Bulgur production and consumption are increased due to its low cost, long shelf life, ease of preparation, taste, color, flavor, aroma, texture, high nutritional and economic values, also it contain protein, fat, carbohydrate, ash, fiber, calcium and iron [11].
Cereals with legumes are considered complementary to nutritional quality due to the higher content of high biological value proteins [12]. Therefore, this research aims to prepare instant porridge formulas by adding soaked and germinated mung bean with some vegetables and estimating their chemical, physical, technological quality and sensory properties of the resulting porridge.
2. Materials and Methods
2.1. Materials
Raw Materials and Ingredients
Wheat bulgur, tomato, potato, carrot, black pepper, coriander, cumin, salt, onion and garlic powder were purchased from local market, Giza, Egypt. Mung bean Varity (Giza 1) was obtained from legume research department, Field Crops Research Institute, Agricultural Research Center.
2.2. Methods
2.2.1. Soaking and Germination Process of Mung Bean
Mung bean was sorted and washed with tap water, then soaked for 12 hr. at room temperature. The soaked mung bean was placed in wet cloth and left for germination 48 hr. at room temperature Yasmin et al. [13].

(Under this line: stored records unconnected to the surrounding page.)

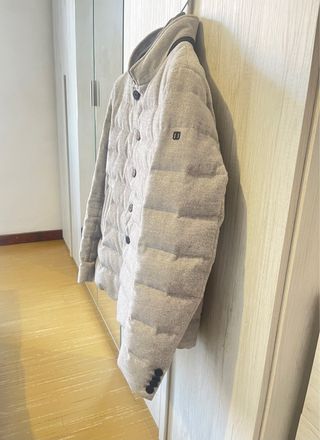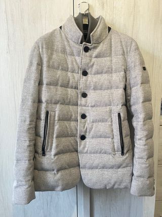 Giacca imbottita di lanna DUNO modello Master T. Nuovo senza etichetta, ho ordinato 2 taglie e questa era troppo grande, ma purtroppo non ho potuto restituirla. Misura 50, La giacca è stata acquistata al prezzo di 690€ - Colore grigio mélange. - Chiusura con bottoni. - Tasche laterali con zip nere. - Collo alto.
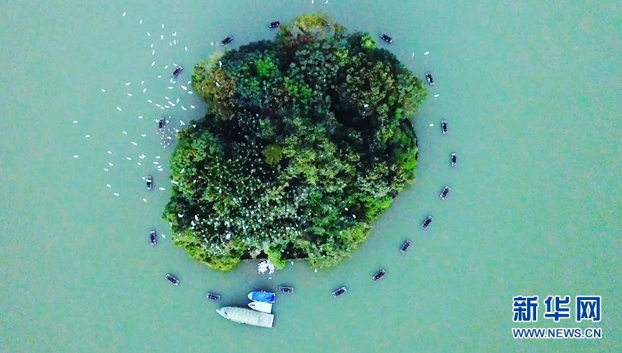 在肇庆星湖国家湿地公园,群鸟盘旋在一座小岛的上空。新华网发
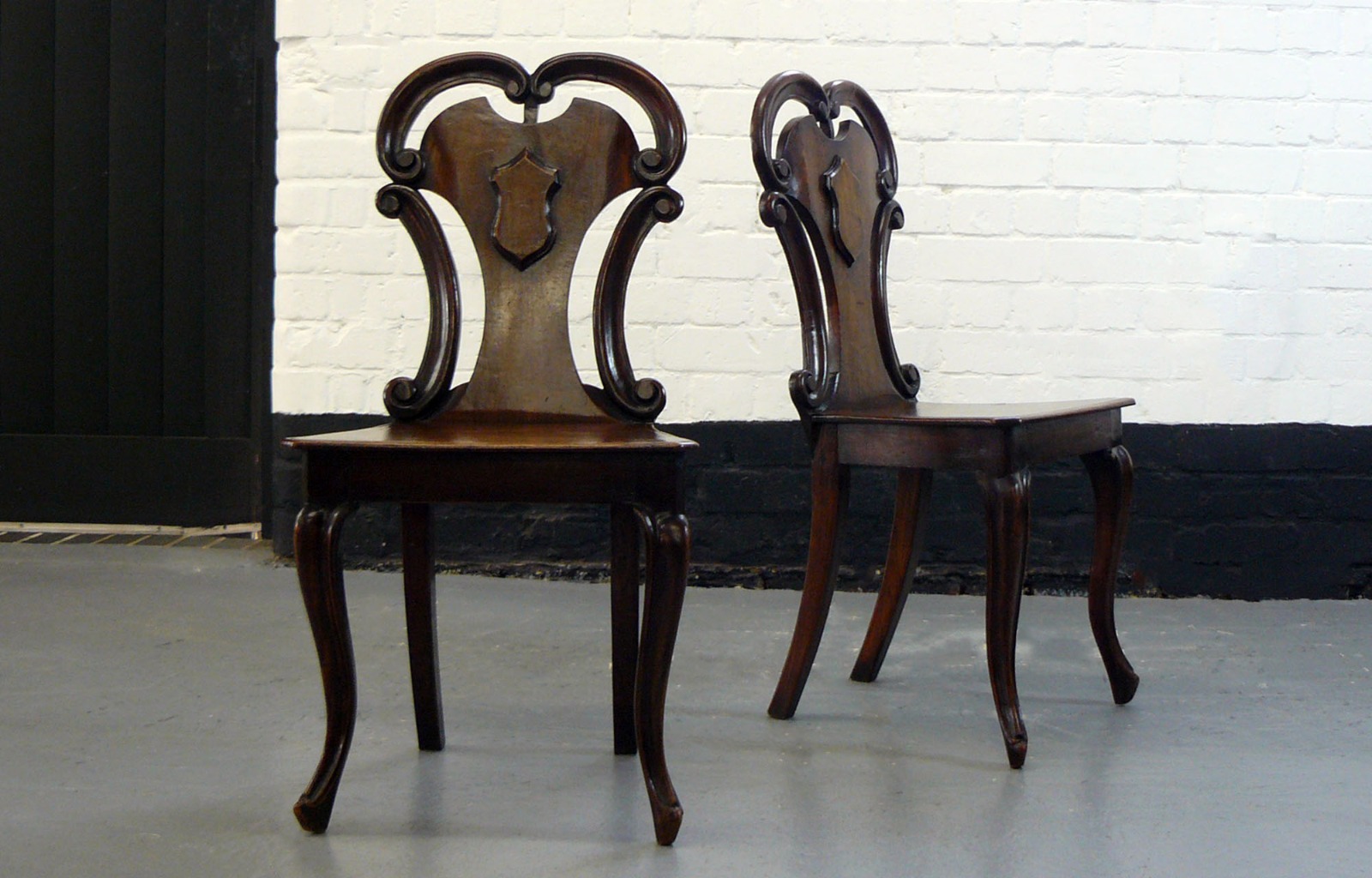 Elegant Pair of Victorian Oak Hall Chairs (1 of 1)

Unsoaked, soaked and germinated mung bean were cooked in boiling water at 100˚C for 45 min for unsoaked and 30 min for soaked and germinated mung bean then washed in cold water, then dried with hot air flow using air oven at 65˚C in the first four hours and then reduced to 50˚C till completely drying until constant weight. The dried samples were ground into powder using a grinder and sieved (250 micron) for identical size particles, then packed in polyethylene bags and kept in deep freezer for till using.
2.2.2. Preparation of Raw Materials and Ingredients
Potato, tomato and carrot were sorted and washed, then the potato and carrot were peeled and sliced in cubic form and blanched in hot water at 100˚C for 10 - 15 min, then the tomato was peeled. Wheat bulgur was soaked for 6 hr. then cooking in boiling water at 100˚C for 30 min. All ingredients washed in cold water after boiling process, then dried with hot air flow using air oven at 65˚C in the first four hours and then reduced to 50˚C till completely drying to constant weight. The dried samples were ground into powder using a grinder and sieved (250 micron) for identical size particles, then packed in polyethylene bags and kept in deep freezer for till using.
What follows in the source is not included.